Although the pronatalists of the right have yet to assemble a specific policy program for achieving their ends, there are inklings of things to come. Earlier this week, the president signed an executive order promising to expand access to IVF to help families facing fertility problems conceive children, a definitionally pronatalist move. Vance, meanwhile, is on the record as supporting a $5,000 child tax credit, a policy he described as “pro-family.”
As Vance’s position on the child tax credit hints, the types of policies that promote people’s willingness and ability to have children tend to come in the form of family benefits, which is to say, programs that channel money and resources to parents and children. This is understood by conservatives such as the economist Lyman Stone, who wrote in 2020 that “pro-natal incentives do work: more money does yield more babies. Anybody saying otherwise is mischaracterizing the research.” But fiscal conservatives recently fought against child-tax-credit expansions on the grounds that too much generosity is wasteful and discourages work. To the degree that the right makes any serious effort to field policies that might actually improve conditions for having children, they will face serious pushback from within their own coalition. As noted above, even IVF is controversial among some conservatives.
Genuinely pronatalist policies may therefore have more traction with the left, should progressives see fit to seize them—which they should, for all the usual left reasons: to promote equality (the rich can already afford to reproduce at will), eliminate poverty, and extend to each person born the best conditions for flourishing. And if concerns about population decline are sometimes overstated, the effects of an aging society are genuinely troubling from a prosocial point of view, and they can’t be waved away by relying on immigration. Granted, in the short term, wealthier countries with lower fertility rates can take in people from poorer countries to stave off the problems of population decline. As long as those immigrants are younger than the average age of a country’s current residents, they help balance the lopsided demography. But eventually, newcomers tend to assimilate into the local culture and have fewer children. Wanting a future for yourself and others is a good thing, and we all have a stake in seeing that we leave a well-shaped world to our inheritors.
Although pronatalism may seem reactionary, fertility in the developed world is associated not with old-fashioned gender norms but rather with cultures that promote the domestic contributions and involvement of men. It’s women, then, who stand to gain the most from benefits that could support more and bigger families. Survey data suggest that there is a widening gulf between how many children women are having throughout the United States and Europe and how many they say they would like to have. While birth rates are declining, the desire for children is not. A recent Gallup poll confirmed that many Americans are dreaming of larger families: 45 percent of those surveyed said the ideal family size consists of three or more children, the highest rate since 1971.

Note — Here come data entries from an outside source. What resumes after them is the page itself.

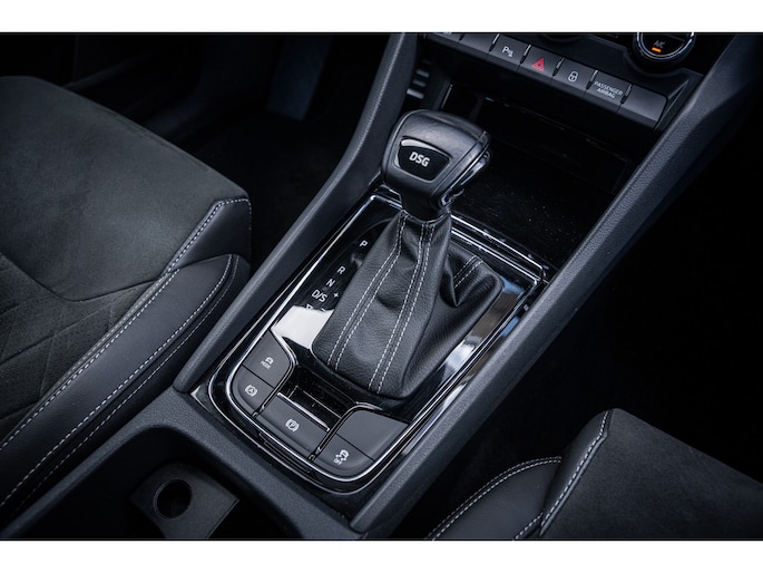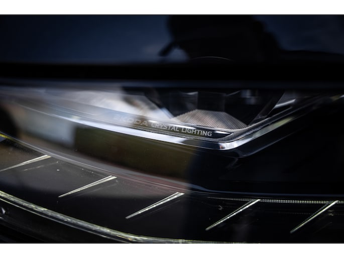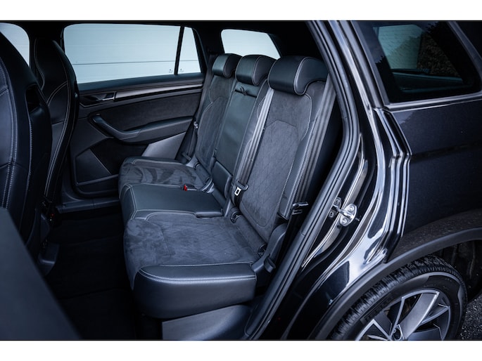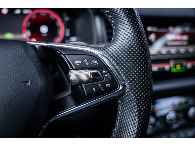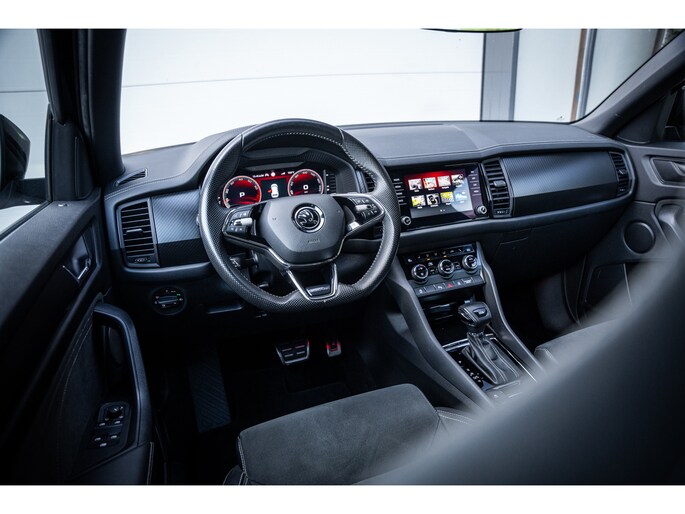 Sportieve uitstraling met 19” lichtmetalen velgen, carbon accenten, dakrails en extra getint glas. De metallic lak en Sportline details geven deze Kodiaq een krachtige en luxe look.
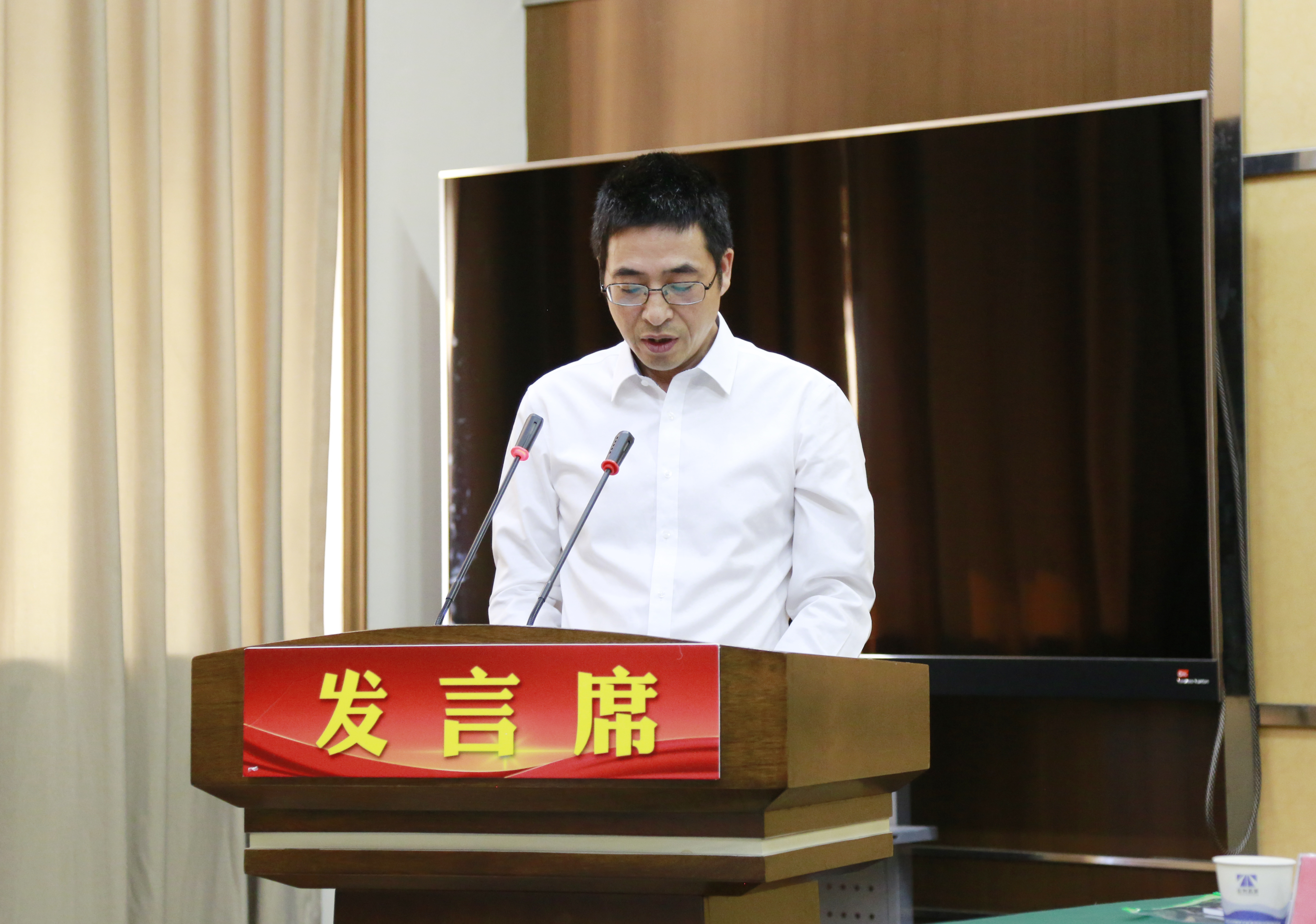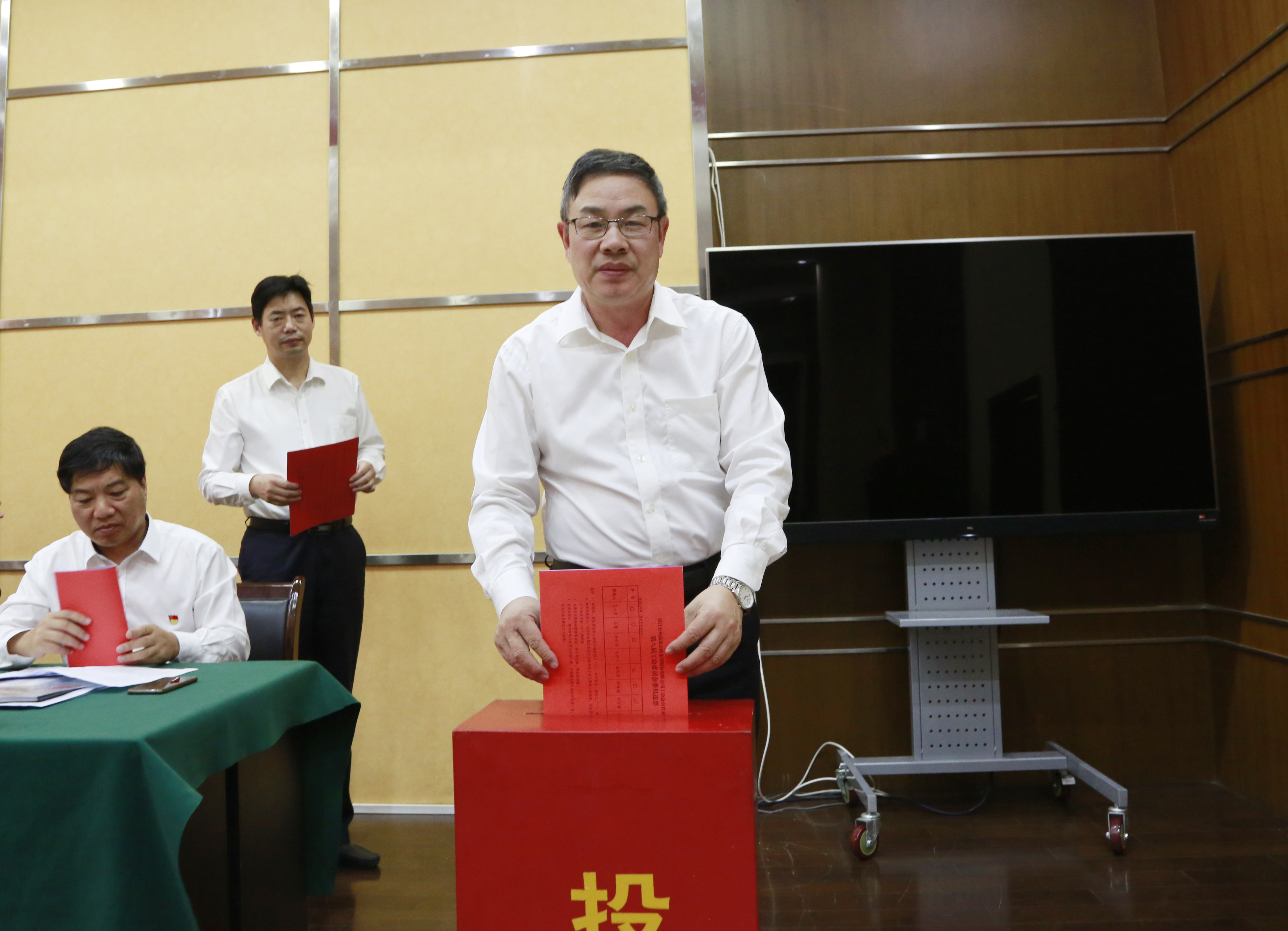 圖為集團副總經理陳保衛主持會議 會議聽取和審議了第七屆工會委員會工作報告及經費收支報告,選舉產生了第八屆工會委員會委員、經費審查委員會委員、勞動法律監督委員。項同富當選為新一屆工會主席、孫明偉為副主席,王慧為經費審查委員會主任,孫明偉為勞動法律監督委員會主任。
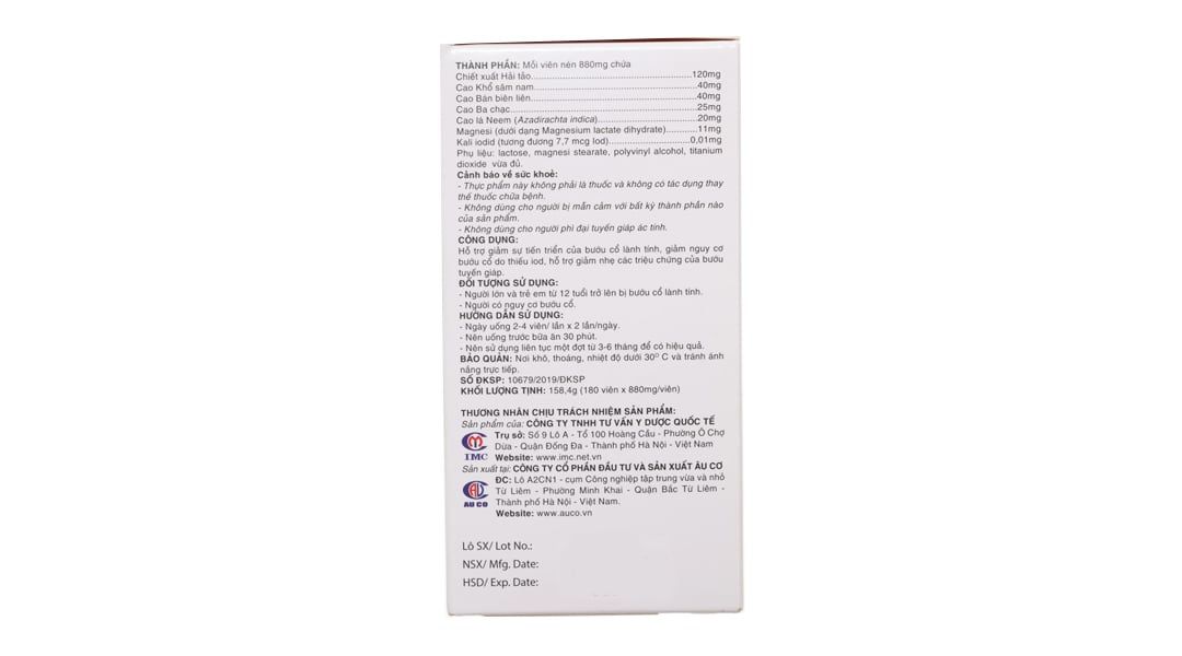 Mỗi viên nén 880mg chứa: Chiết xuất Hải tảo 120mg, cao Khổ sâm nam 40mg, cao Bán biên liên 40mg, cao Ba chạc 25mg, cao lá Neem (Azadirachta indica) 20mg, Magnesi (dưới dạng Magnesium lactate dihydrate) 11mg, Kali iodid (tương đương 7,7 mcg lod) 0,01mg.
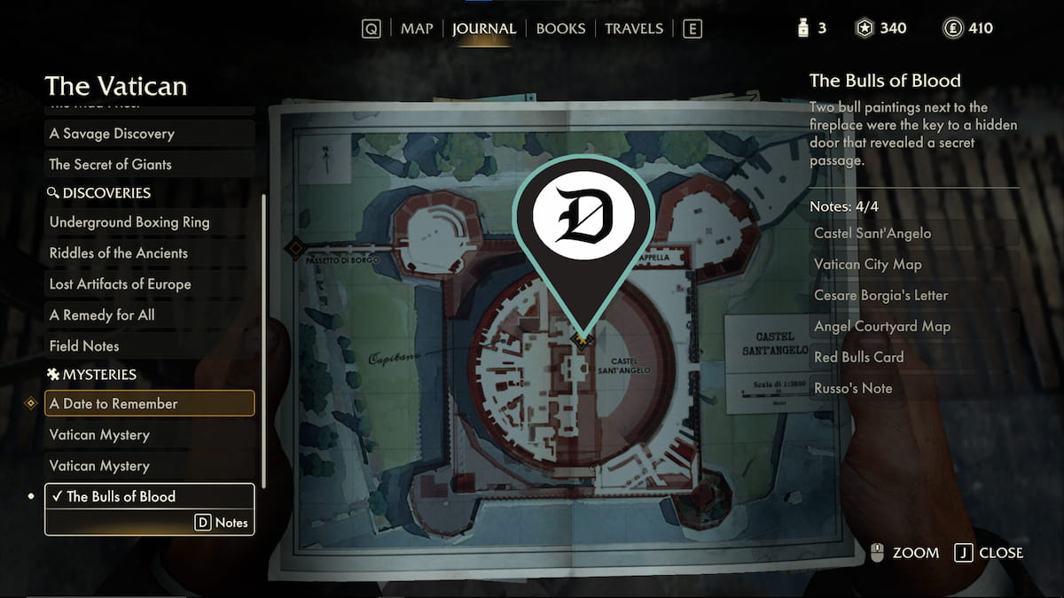 血之公牛之謎出現在您前往梵蒂岡旅行的第一部分,同時參觀聖天使城堡。如果您錯過了血之公牛之謎,您可以在探索梵蒂岡時回到這個地點。你可以原路返回,但可能需要一些時間才能再次到達中心區域,而且還有更多的守衛。

The idea that people ought to be supported in welcoming however many children they want is both pronatalist and, to the degree that it helps women manifest the lives they imagine for themselves, arguably feminist. This is perhaps why leftist politicians such as Senator Bernie Sanders have already backed some pronatalist policies, including universal child care and pre-K, as well as guaranteed paid family leave.
Putting aside the cultural accretions and political entanglements of pronatalism, its foundational question is crucial: Should humankind continue? If the answer is yes, then we’re already dealing in the realm of pronatalism, where the good of childbearing is taken for granted—and differences in approaches would likely come down to policy particulars. But if the answer is no, then all of politics is moot anyhow. The cause of humanity’s future is too important to cede to a political right with questionable intentions, or to be ignored.